> WORK TASK
Pull out every line from the line containing "Selulosa Asetat |" through the end of the material, both ends included, and reproduce it exactly. Keep pictures out.

::: PROVIDED MATERIAL :::

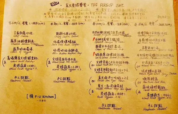 棧F-U Kitchen的餐點除了單點外,也有搭配好的套餐,價位從每人$600大洋到$1800大洋都有,
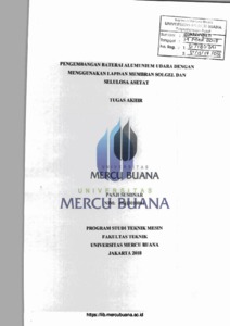 | Uncontrolled Keywords: | kebutuhan masyarakat meningkat, Baterai Alumunium Udara, Membran Solgel dan Selulosa Asetat |
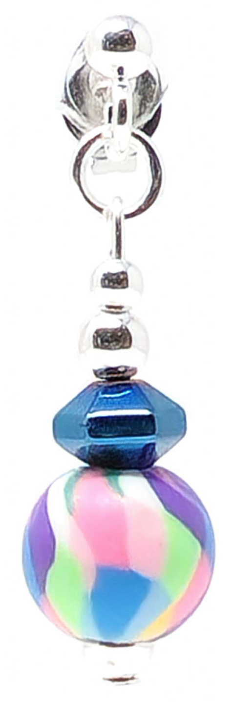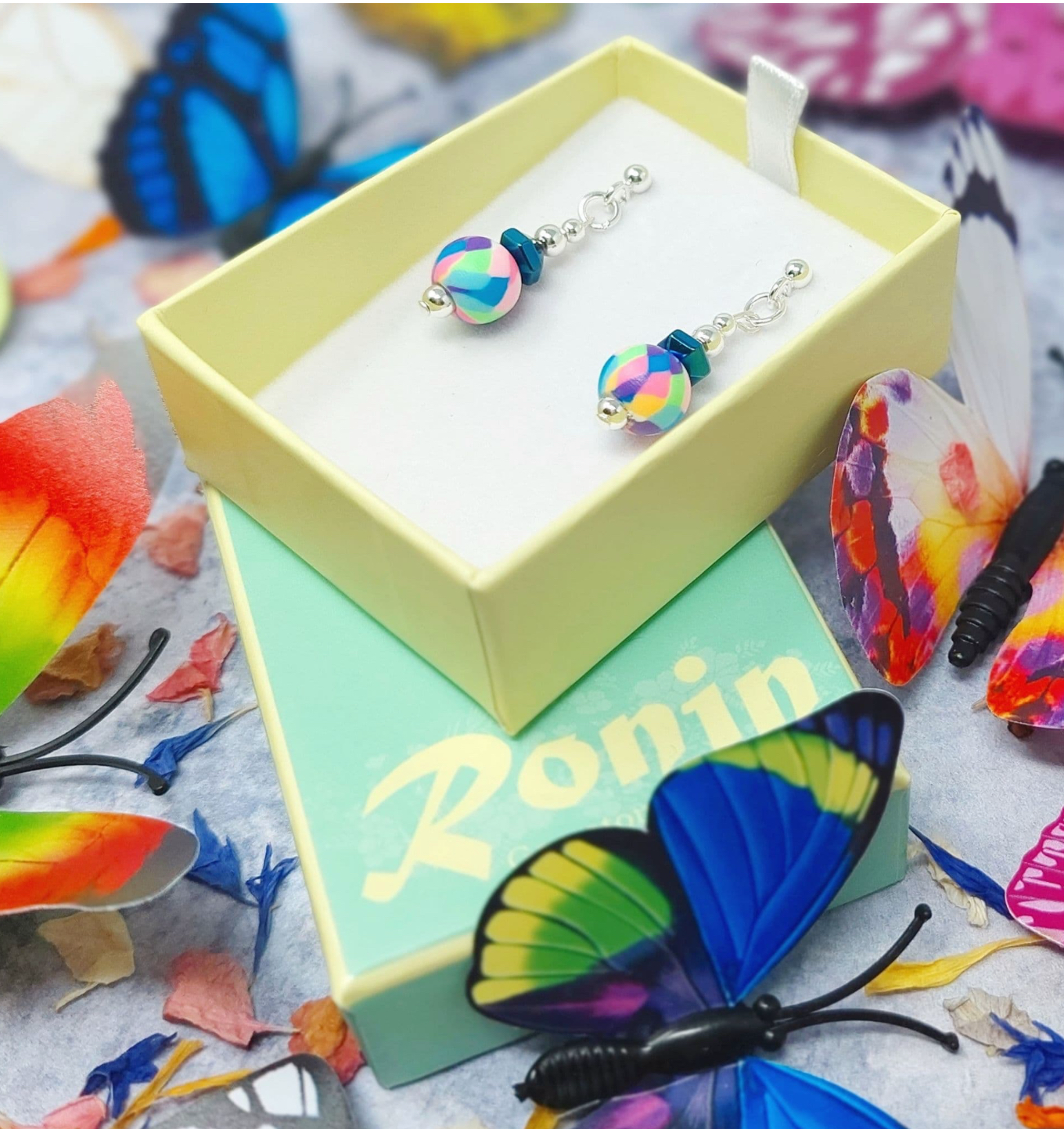 Colourful patterned Polymer clay beads with Haematite bead above.
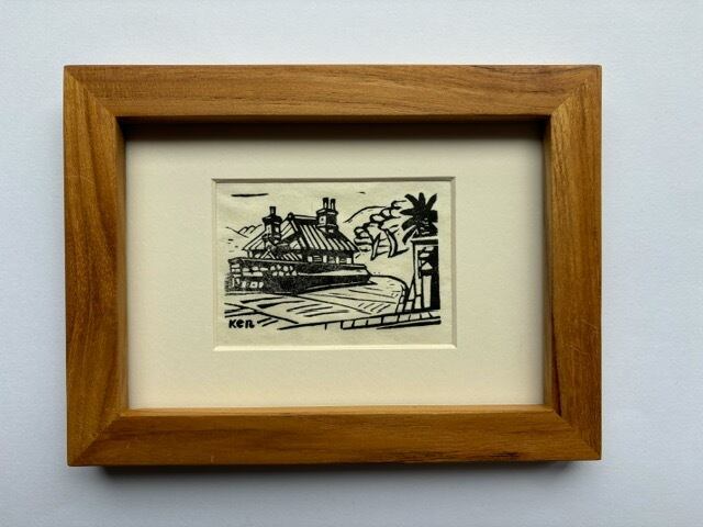 東山手の活水学院前の風景をモチーフに描かれた、小さな版画作品です。

:::

> SOLUTION FOR THIS EXERCISE
 | Uncontrolled Keywords: | kebutuhan masyarakat meningkat, Baterai Alumunium Udara, Membran Solgel dan Selulosa Asetat |
 Colourful patterned Polymer clay beads with Haematite bead above.
 東山手の活水学院前の風景をモチーフに描かれた、小さな版画作品です。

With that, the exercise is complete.